梁海 Liang Hai lianghai at gmail.com
Mon Oct 8 12:17:05 UTC 2018

- 2, “telɯgɯ”: This is probably a phonetic transcription, not an accurate transliteration that should be used in this document.

- 3.5, “… and 16 dependent signs”: 15.

- 3.5.1: Vocalic l should be categorized with vocalic rr and vocalic ll. Transliteration of vocalic ll is wrong.

- 3.5.1, R1, “ca= a consonant with an inherent ‘a’”: When discussing text encoding, Indic consonants naturally are with an inherent vowel. Try to distinguish phonetic sequence and written forms and encoded character sequence. The 3 lines under R1 are not helpful.
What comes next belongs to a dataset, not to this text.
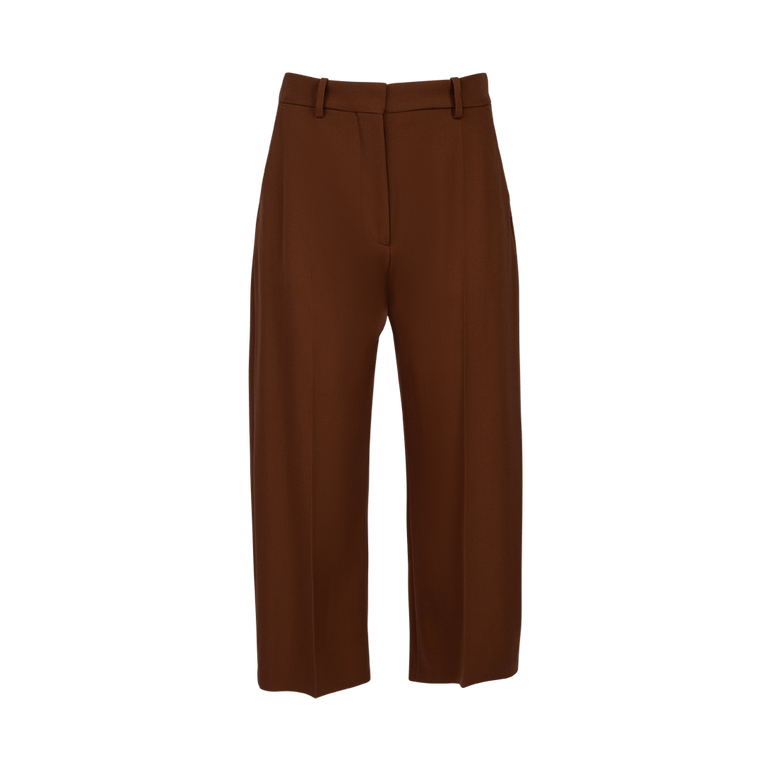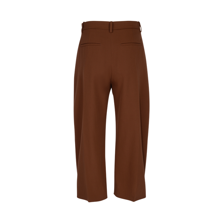 Cropped trousers with zip-and-hook closure, two side pockets and back welt pockets.

- 3.5.3: The introduction of arasunna usage is unclear. Is it commonly used today or not?

- 4.1: Good to see the usage of ZWNJ to be clearly introduced here.

- 4.2: Unclear how the common case of ZWNJ usage is to be dealt with by domain name applicant. Will the applicant be allowed to use ZWNJ? If not, then it’s not particular clear how it’s decided to forbid ZWNJ, given the strong and unambiguous usage of it.
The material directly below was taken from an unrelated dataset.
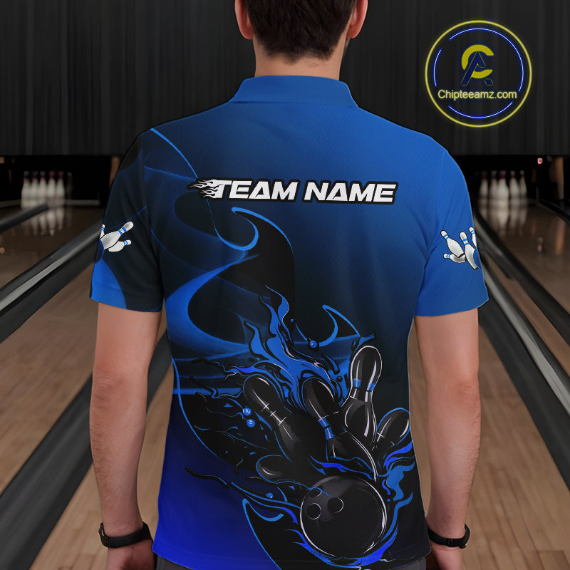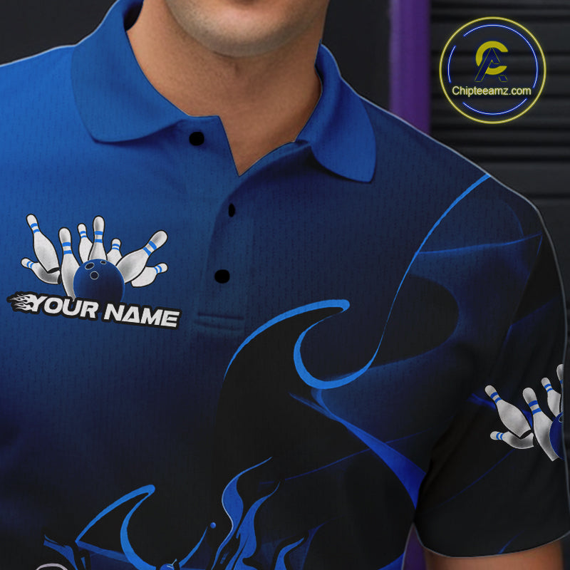 Custom Black And Blue Flame Bowling Team Men Polo Shirt, Bowling Tournament Shirt IPHW9871

- 5: It is appropriate to exclude U+0C58 tsa and U+0C59 dza?

- 5.2: Apparently U+0C44 TELUGU VOWEL SIGN VOCALIC RR should be excluded.

- 5.3, Various signs: The description doesn’t make sense. These two characters should be excluded because they’re part of vowel signs that are already atomically encoded and encluded. U+0C55 is not meant for encoding hā (unless it’s decided other irregularly written consonant–vowel structures need to be encoded visually too).

- 5.3, Historic phonetic variants: Unclear why “Phonological variants shall not be permitted”.

- 6, “There are no characters in the Telugu Unicode chart that either in simple form or in combined form are deemed similar by NBGP.”: Should mention the precondition of WLE.

- 6.1: There shouldn’t be disposition of “blocked” in the table (or anywhere), because it’s not even proposed to be variants. The example i and ii as well as the table are all very confusing. Vowel sign o and oo need to be discussed separately   as they have different behavior. See [https://www.unicode.org/L2/L2014/14005-telugu-kannada-vs-o-oo--UTN.pdf](https://www.unicode.org/L2/L2014/14005-telugu-kannada-vs-o-oo--UTN.pdf) for a better introduction. Also, హా should be introduced in this section too, although it’s not proposed either (because of excluded character).

- 6.2: Inappropriate restriction. This is like restricting one between “colour” and “color” because they’re alternative spellings. “This can be disallowed by the WLE rule: H cannot follow a nasal consonant.” — Inappropriate rule, as the authors didn’t even consider geminated nasal consonants (eg, in కన్నడ kannaḍa).

- 6.4.1: Inappropriate analysis. Confusbale standalone letters don’t necessarily mean confusable contextual forms (eg, vattu forms can have different ascending behavior and different positioning behavior and different letterforms). Also it’s unclear if the authors have examined contextual forms independently from the similarity of standalone letters. Further, many contextual forms are expectable in a small context (eg, one can tell a vattu exists in well-formed text as long as a consonant is preceded by virama), thus it’s not necessary to enumerate akshars and overload the variant set. (Table 16 is a duplication of Table 10.)

- 6.4.2, “NBGP concludes …”: Given the weak analysis above, it’s hard to believe what NBGP concludes now.

- 7: A comprehensible pattern for other reviewers to refer to: `C[M][B|X] | V[B|X] | CH` (consonant clusters analyzed as a consonat preceded by one or more `CH` occurences).

- 7, Rule 5: Inappropriate and over-restrictive rule. See my comment above for §6.2.

- 7, Rule 6: Unecessarily restrictive rule. “… perceptually dissimilar but phonetically and semantically similarity between the two labels” is enough for allowing such usage. NBGP doesn’t have the right to force the public to abandon preferred spelling conventions.